*** Supplied data ***

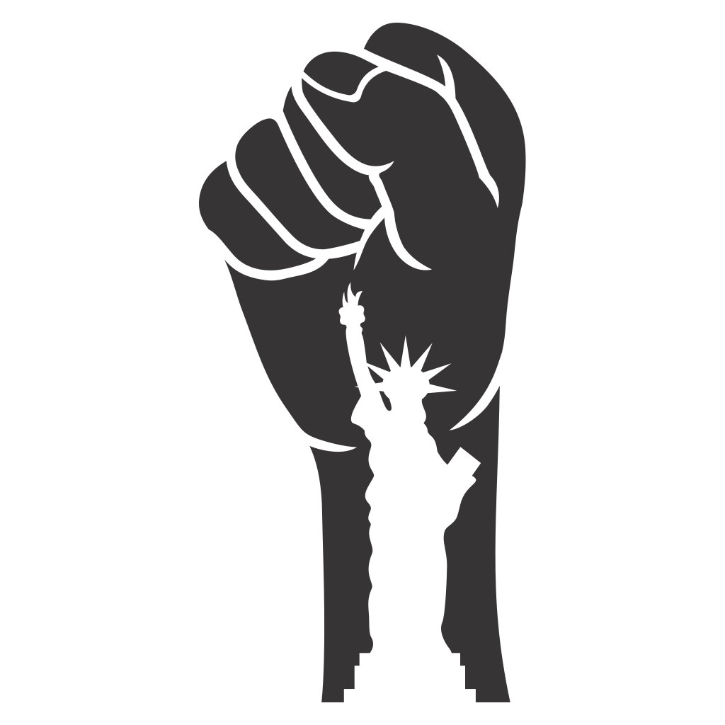A powerful depiction of a raised fist symbolizing revolution and solidarity, featuring the Statue of Liberty emerging from its grip. The artwork embodies hope and resilience against oppression.
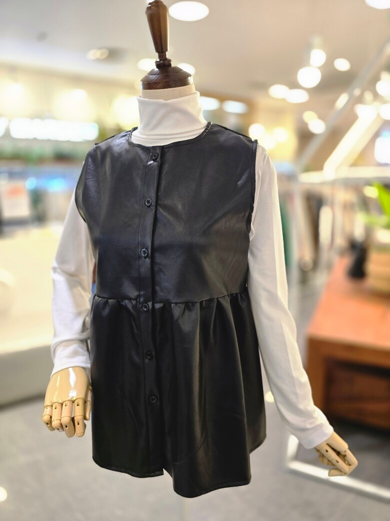 M4F9V107_허리셔링 레자조끼
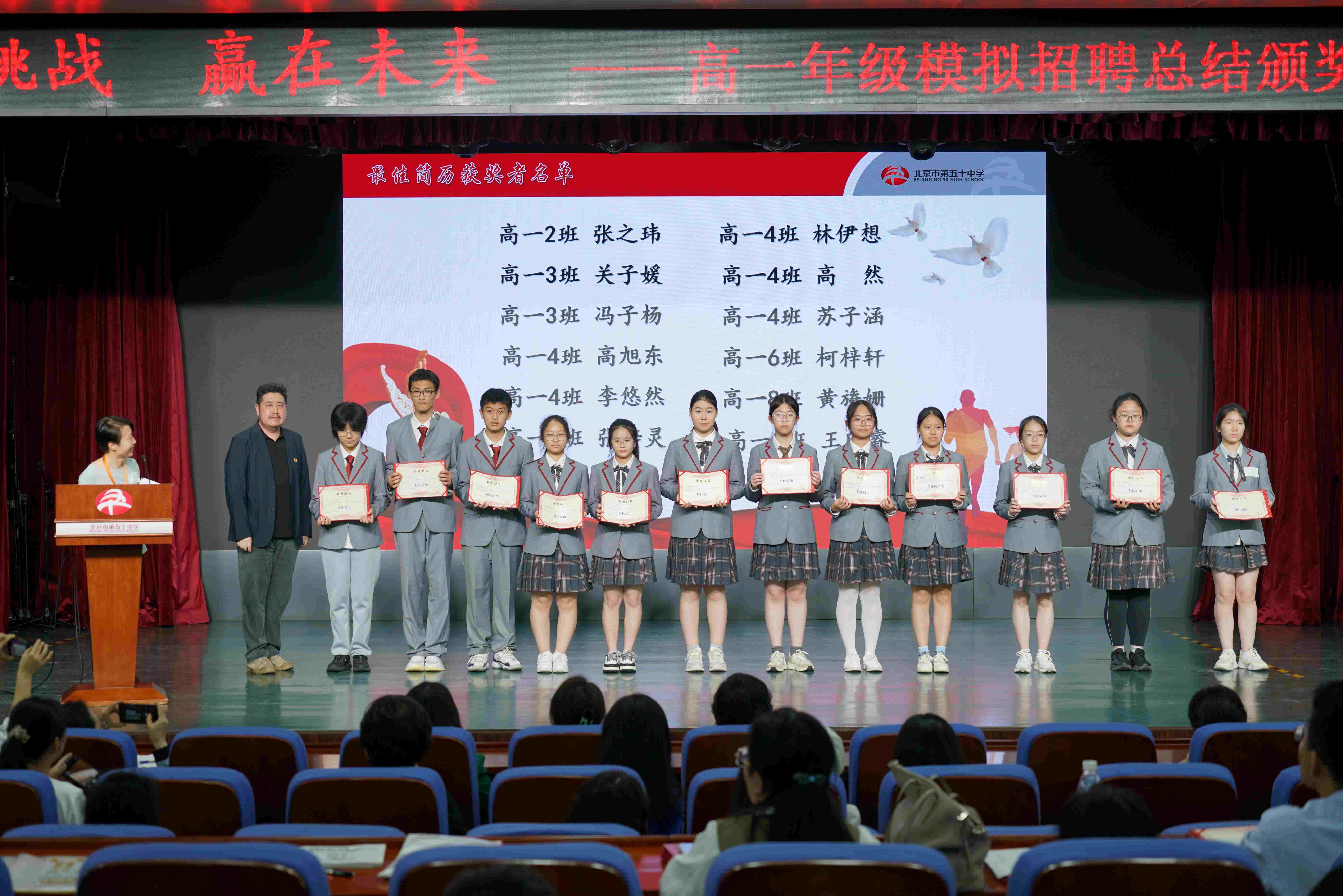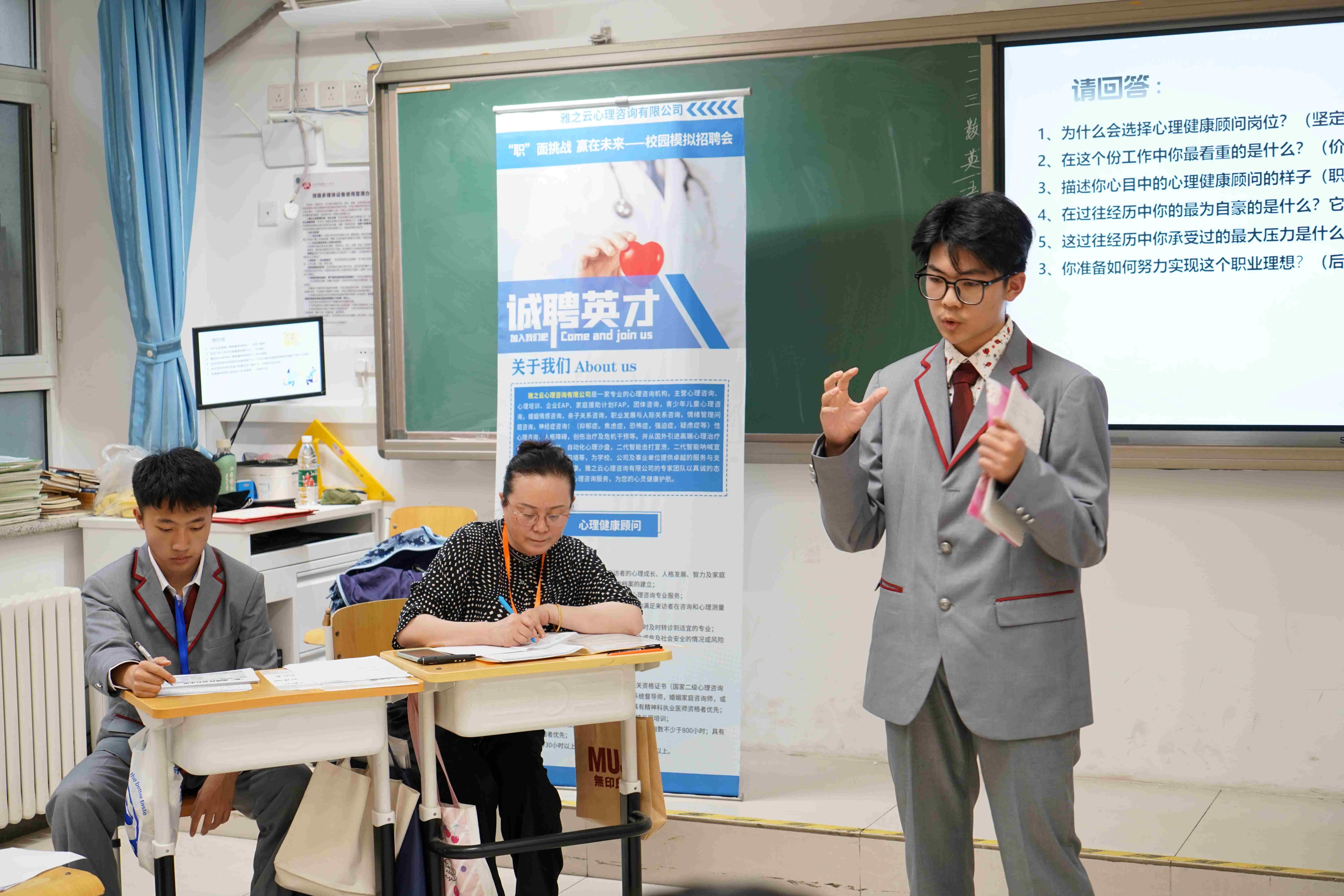 2024年5月10日,北京市第五十中学以“‘职’面挑战 赢在未来”为主题,组织高一年级全体学生开展了一场别开生面的模拟招聘会。作为学校心理健康节的重要实践课程,活动通过真实职场情境模拟,帮助学生明晰职业方向,激发学习内驱力。

*** End of Supplied data ***

▶ [Description of the task]
Reproduce the data word for word; no pictures.

▶ [Reply to the task]
A powerful depiction of a raised fist symbolizing revolution and solidarity, featuring the Statue of Liberty emerging from its grip. The artwork embodies hope and resilience against oppression.
 M4F9V107_허리셔링 레자조끼
 2024年5月10日,北京市第五十中学以“‘职’面挑战 赢在未来”为主题,组织高一年级全体学生开展了一场别开生面的模拟招聘会。作为学校心理健康节的重要实践课程,活动通过真实职场情境模拟,帮助学生明晰职业方向,激发学习内驱力。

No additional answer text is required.